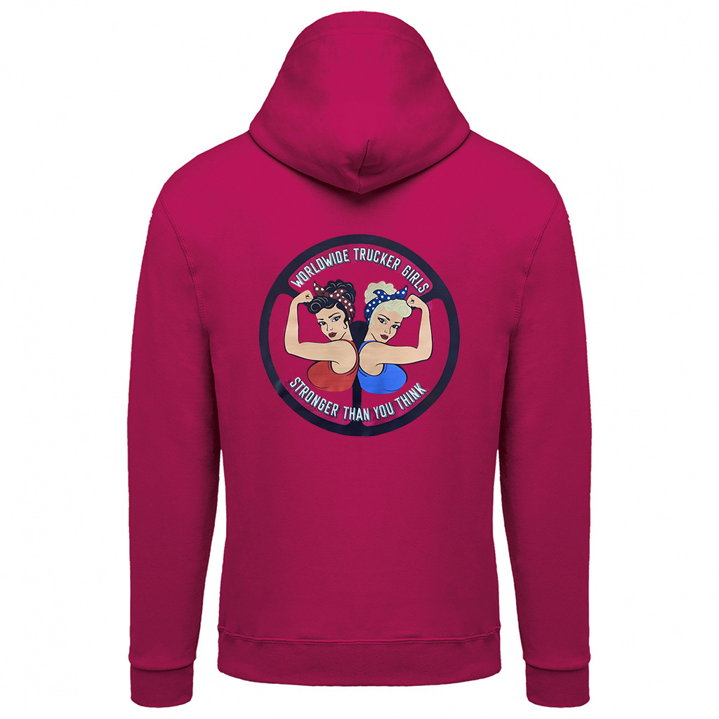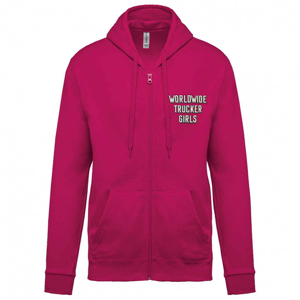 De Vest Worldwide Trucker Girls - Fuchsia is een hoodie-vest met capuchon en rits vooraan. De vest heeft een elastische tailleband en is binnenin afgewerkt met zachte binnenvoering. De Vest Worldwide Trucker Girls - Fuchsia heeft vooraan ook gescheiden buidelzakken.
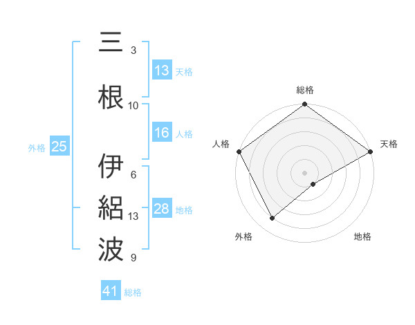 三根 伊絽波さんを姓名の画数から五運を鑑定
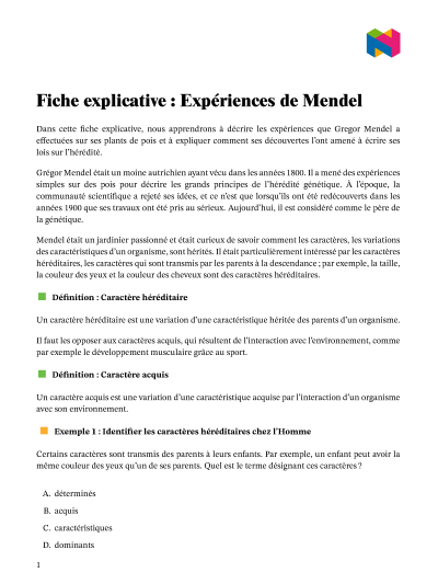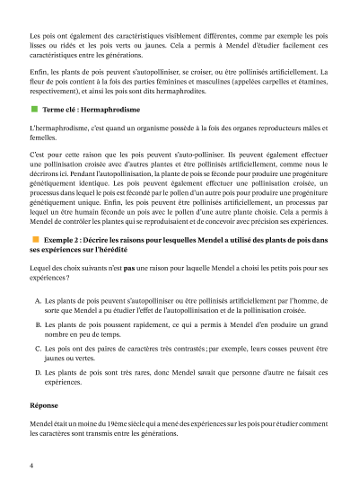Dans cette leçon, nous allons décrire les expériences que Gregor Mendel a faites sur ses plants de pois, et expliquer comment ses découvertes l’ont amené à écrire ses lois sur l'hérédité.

---

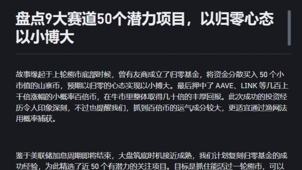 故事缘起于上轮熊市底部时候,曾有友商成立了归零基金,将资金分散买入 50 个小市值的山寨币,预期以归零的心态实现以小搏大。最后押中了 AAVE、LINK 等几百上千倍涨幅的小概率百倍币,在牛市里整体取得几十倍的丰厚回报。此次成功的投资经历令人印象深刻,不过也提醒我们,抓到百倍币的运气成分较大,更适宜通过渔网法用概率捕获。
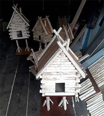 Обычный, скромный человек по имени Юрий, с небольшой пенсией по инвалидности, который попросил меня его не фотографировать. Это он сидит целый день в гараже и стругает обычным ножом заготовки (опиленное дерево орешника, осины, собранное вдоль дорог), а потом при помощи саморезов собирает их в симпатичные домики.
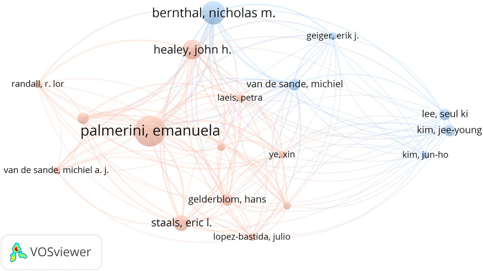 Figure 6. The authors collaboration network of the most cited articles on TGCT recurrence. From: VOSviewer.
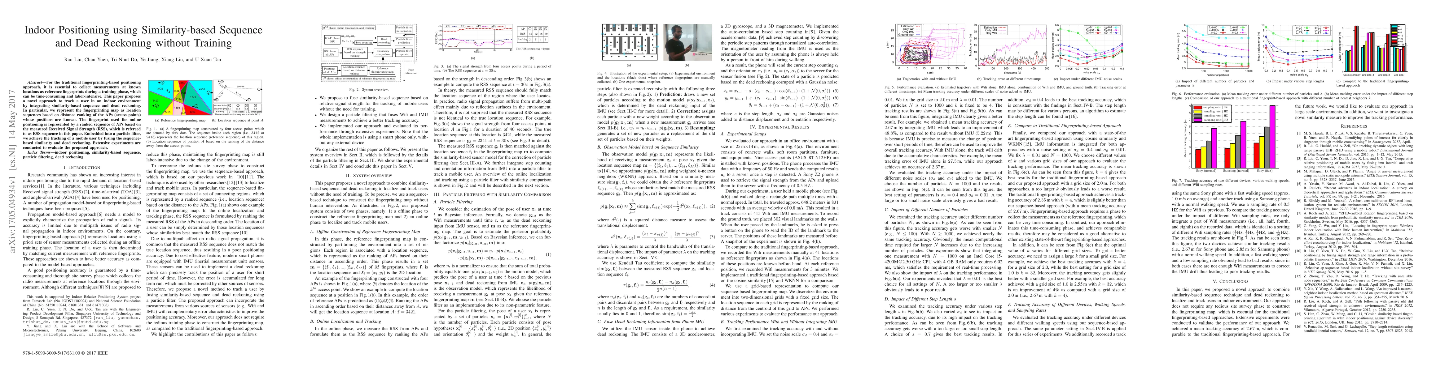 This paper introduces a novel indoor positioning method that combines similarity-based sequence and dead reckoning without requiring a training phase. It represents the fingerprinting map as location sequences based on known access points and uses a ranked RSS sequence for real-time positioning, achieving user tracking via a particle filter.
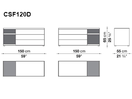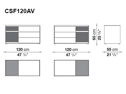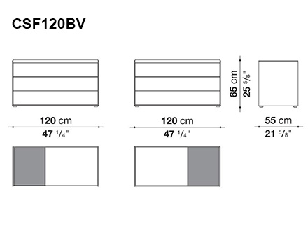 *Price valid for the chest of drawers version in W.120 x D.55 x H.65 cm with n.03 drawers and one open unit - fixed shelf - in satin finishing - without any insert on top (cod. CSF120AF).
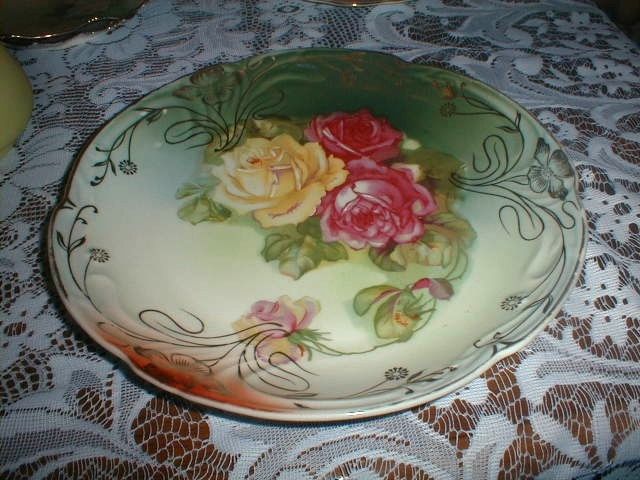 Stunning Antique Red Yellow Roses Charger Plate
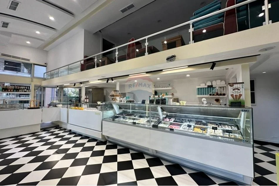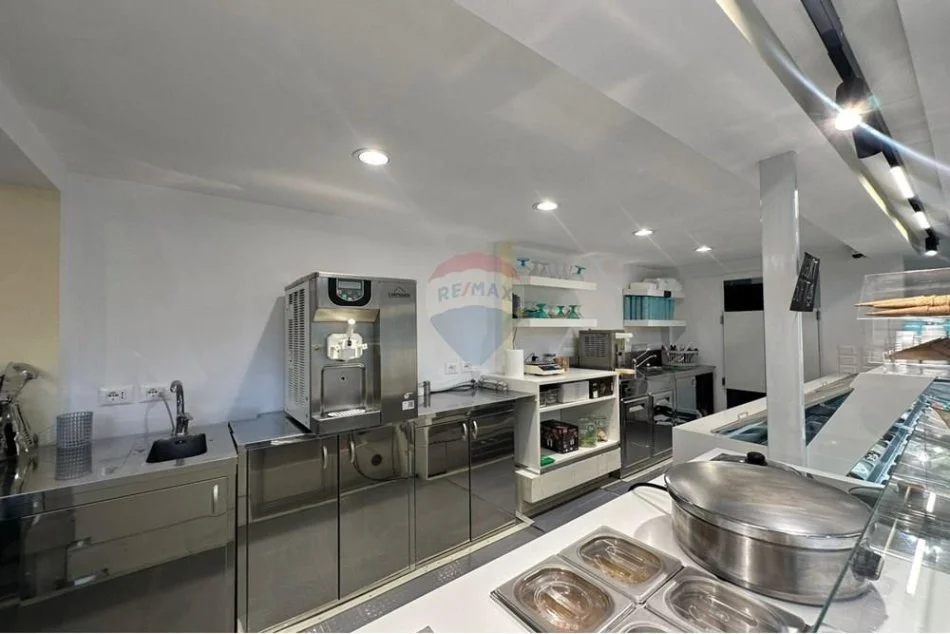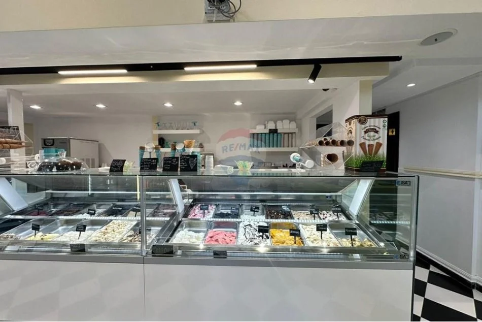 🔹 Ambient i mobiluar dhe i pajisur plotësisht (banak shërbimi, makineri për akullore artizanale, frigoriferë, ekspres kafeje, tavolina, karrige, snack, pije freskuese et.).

---

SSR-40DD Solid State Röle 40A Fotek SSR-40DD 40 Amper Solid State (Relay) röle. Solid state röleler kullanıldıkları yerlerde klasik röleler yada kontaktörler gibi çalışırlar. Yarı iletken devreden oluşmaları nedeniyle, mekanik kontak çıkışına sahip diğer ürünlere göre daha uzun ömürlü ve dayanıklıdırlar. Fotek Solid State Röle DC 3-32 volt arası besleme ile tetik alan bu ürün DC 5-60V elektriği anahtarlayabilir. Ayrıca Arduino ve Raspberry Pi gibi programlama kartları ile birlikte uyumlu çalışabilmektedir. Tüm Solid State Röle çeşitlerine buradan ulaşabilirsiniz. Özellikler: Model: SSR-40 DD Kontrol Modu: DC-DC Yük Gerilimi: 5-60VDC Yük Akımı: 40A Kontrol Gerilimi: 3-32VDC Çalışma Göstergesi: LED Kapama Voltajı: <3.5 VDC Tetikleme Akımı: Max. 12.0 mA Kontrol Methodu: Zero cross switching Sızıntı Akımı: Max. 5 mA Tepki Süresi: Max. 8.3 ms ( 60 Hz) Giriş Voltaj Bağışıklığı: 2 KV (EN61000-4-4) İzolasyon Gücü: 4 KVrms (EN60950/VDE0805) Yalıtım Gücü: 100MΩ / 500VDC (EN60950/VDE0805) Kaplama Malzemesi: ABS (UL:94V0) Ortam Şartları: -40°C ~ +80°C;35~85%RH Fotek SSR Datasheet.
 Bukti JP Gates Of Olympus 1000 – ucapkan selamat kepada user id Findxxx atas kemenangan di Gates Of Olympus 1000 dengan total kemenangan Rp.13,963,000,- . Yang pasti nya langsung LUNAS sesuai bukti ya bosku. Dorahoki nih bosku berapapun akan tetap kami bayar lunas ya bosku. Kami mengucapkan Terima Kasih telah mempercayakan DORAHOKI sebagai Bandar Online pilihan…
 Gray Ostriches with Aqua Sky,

- Goal of the exercise -
Once the line with "De Vest Worldwide Trucker Girls - Fuchsia is" has been found above, output that line and every later line exactly, stopping after the line with "Dans cette leçon, nous", and omit the pictures.

- Worked solution -
 De Vest Worldwide Trucker Girls - Fuchsia is een hoodie-vest met capuchon en rits vooraan. De vest heeft een elastische tailleband en is binnenin afgewerkt met zachte binnenvoering. De Vest Worldwide Trucker Girls - Fuchsia heeft vooraan ook gescheiden buidelzakken.
 三根 伊絽波さんを姓名の画数から五運を鑑定
Dans cette leçon, nous allons décrire les expériences que Gregor Mendel a faites sur ses plants de pois, et expliquer comment ses découvertes l’ont amené à écrire ses lois sur l'hérédité.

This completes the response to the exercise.